#37 Transplant Center in the Nation
The Advanced Lung Disease & Transplant Center performs both single and double lung transplants and specializes in personalized, end-to-end treatment options for adult patients who have been diagnosed with cystic fibrosis and pulmonary fibrosis, interstitial lung disease, pulmonary hypertension and other complex lung conditions. The TGH Transplant Institute is ranked #5 in the nation by volume and we are one of the most active lung transplant centers in the Southeast. Patient success after surgery exceeds national averages, and our specialty program in recognized by U.S. News & World Report as Top 10% in the Nation for Pulmonology & Lung Surgery. Additionally, TGH is #1 in Tampa and West Central Florida.

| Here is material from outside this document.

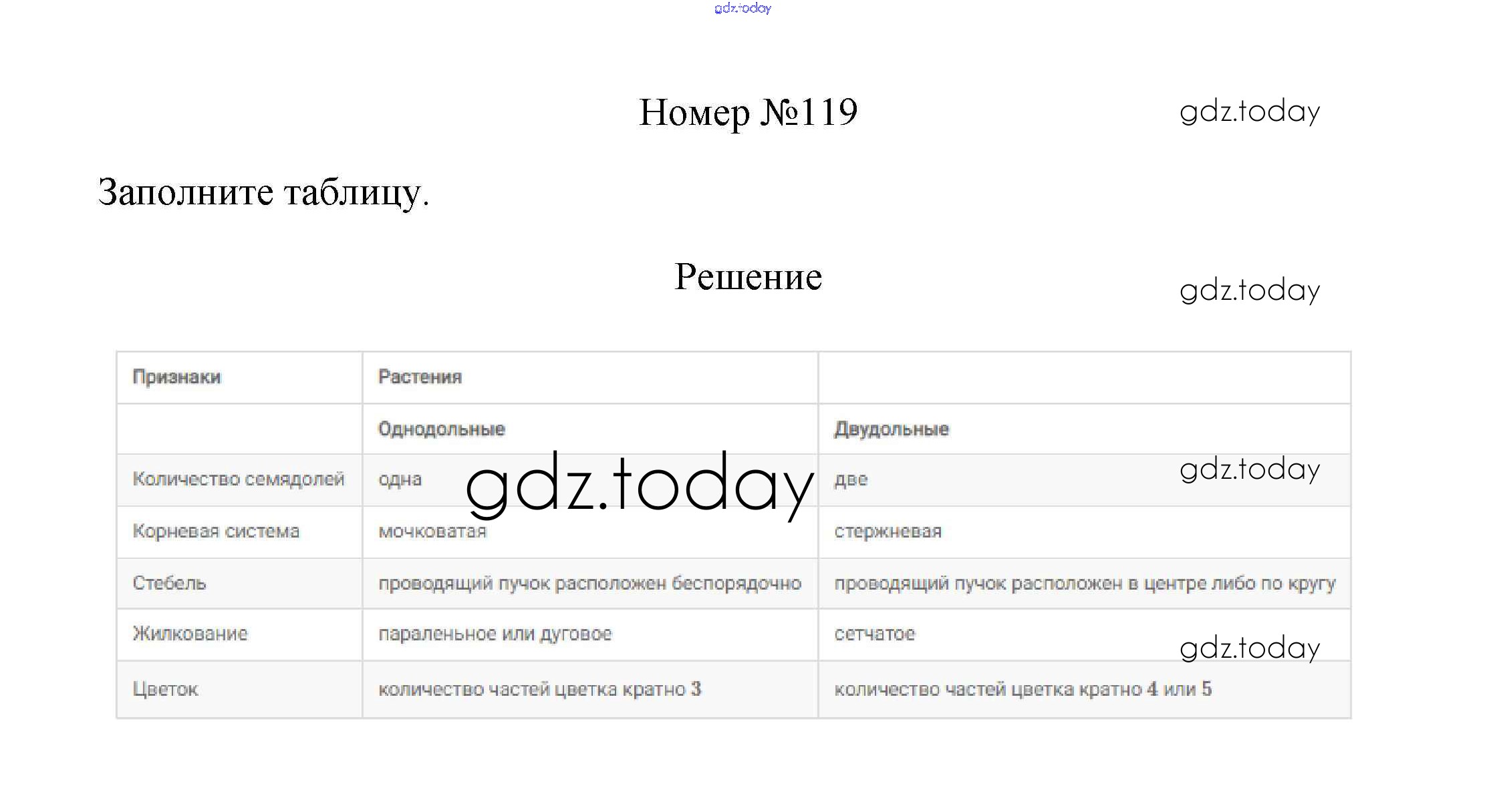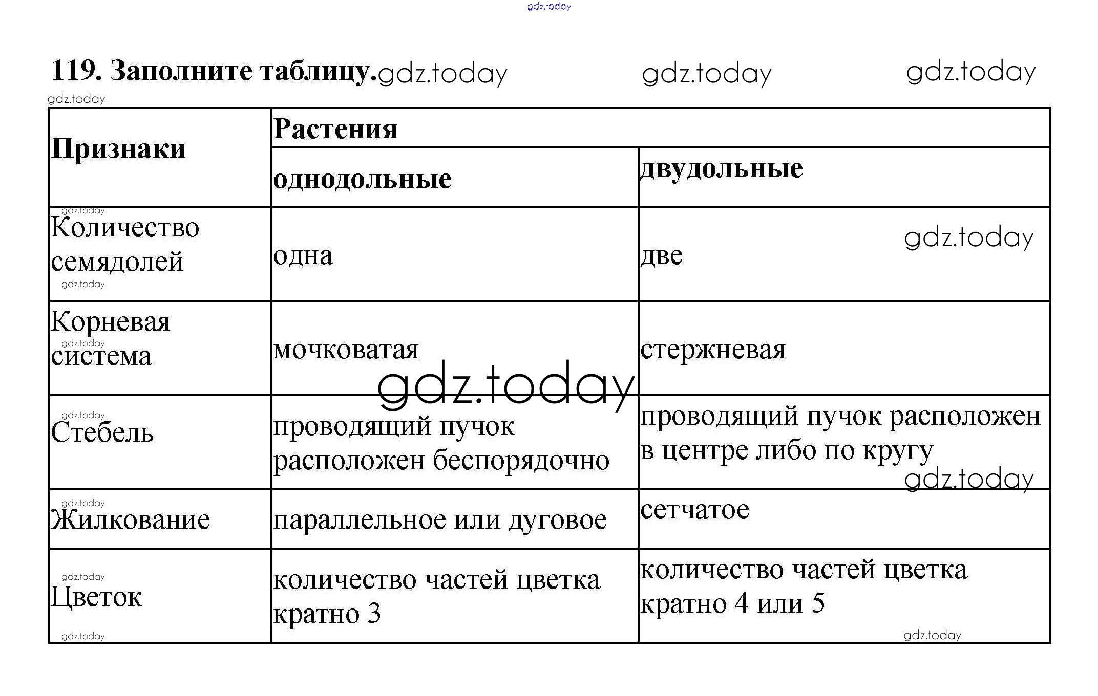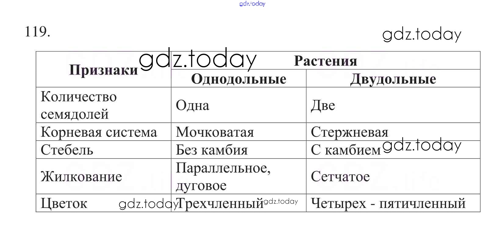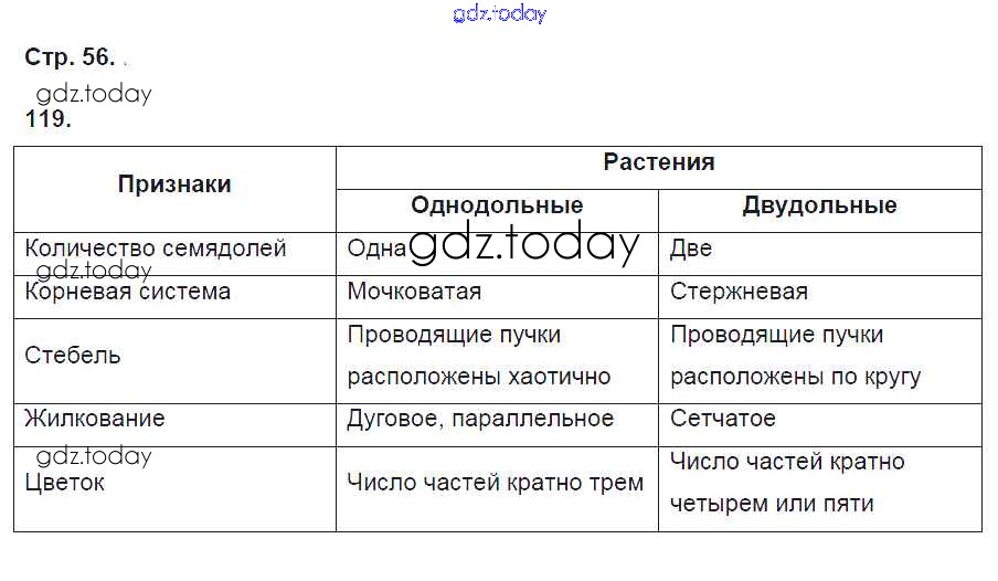 На страницах сайта gdz.today вы найдете учебный и вспомогательный материал, направленный на улучшения знаний школьной программы. ГДЗ - онлайн мир знаний Упражнения (решение) 119 Рабочей тетради по Биологии для 6 класса Пасечник Дрофа УМК 2017

Tampa General Hospital performed its first lung transplant in 2002. Since the program’s inception, our multidisciplinary team of experts has performed more than 880 lung transplants. The Advanced Lung Disease & Transplant Center continues to advance research in the field, from being the first to use a living related donor for lung transplantation to exploring new methods for preserving the lung prior to transplantation and developing advanced techniques for detecting and treating rejection.
Medical Leadership
Some patients require a single‑lung transplant, while others need a double‑lung transplant. The type of transplant recommended depends on several factors, including:
- The type and severity of lung disease
- Prior chest surgeries
- Presence of pulmonary hypertension
- Active or chronic infections
- Blood flow to each lung
Conditions treated by our Lung Transplant Program include:
- Pulmonary fibrosis
- Chronic obstructive pulmonary disease (COPD)
- Cystic fibrosis
- Pulmonary hypertension
- Sarcoidosis
- Interstitial lung diseases (ILD), including:
- Nonspecific interstitial pneumonitis (NSIP)
- Bronchiectasis
- Bronchiolitis
- Lymphangioleiomyomatosis (LAM)
Potential benefits may include:
- Improved breathing and reduced shortness of breath
- Reduced or eliminated need for oxygen therapy
- Increased ability to exercise and stay active
- Improved overall quality of life
- Extended survival for many patients with end‑stage lung disease
Important considerations: A lung transplant is a major surgery and requires lifelong care. After transplant, patients must take anti‑rejection medications every day to protect the new lungs. These medications:
- May cause side effects
- Increase the risk of infections
- May increase the risk of certain cancers, such as skin cancer or lymphoma
Patients must be willing to:
- Learn about the risks and benefits of lung transplantation
- Work closely with a multidisciplinary transplant team
- Take all medications exactly as prescribed, for life
- Attend all scheduled follow‑up appointments and testing
- Participate in required pulmonary rehabilitation
- Make long‑term lifestyle and dietary changes
- Maintain open communication with the transplant team
- Have a reliable caregiver plan in place
Our team is here to support you every step of the way.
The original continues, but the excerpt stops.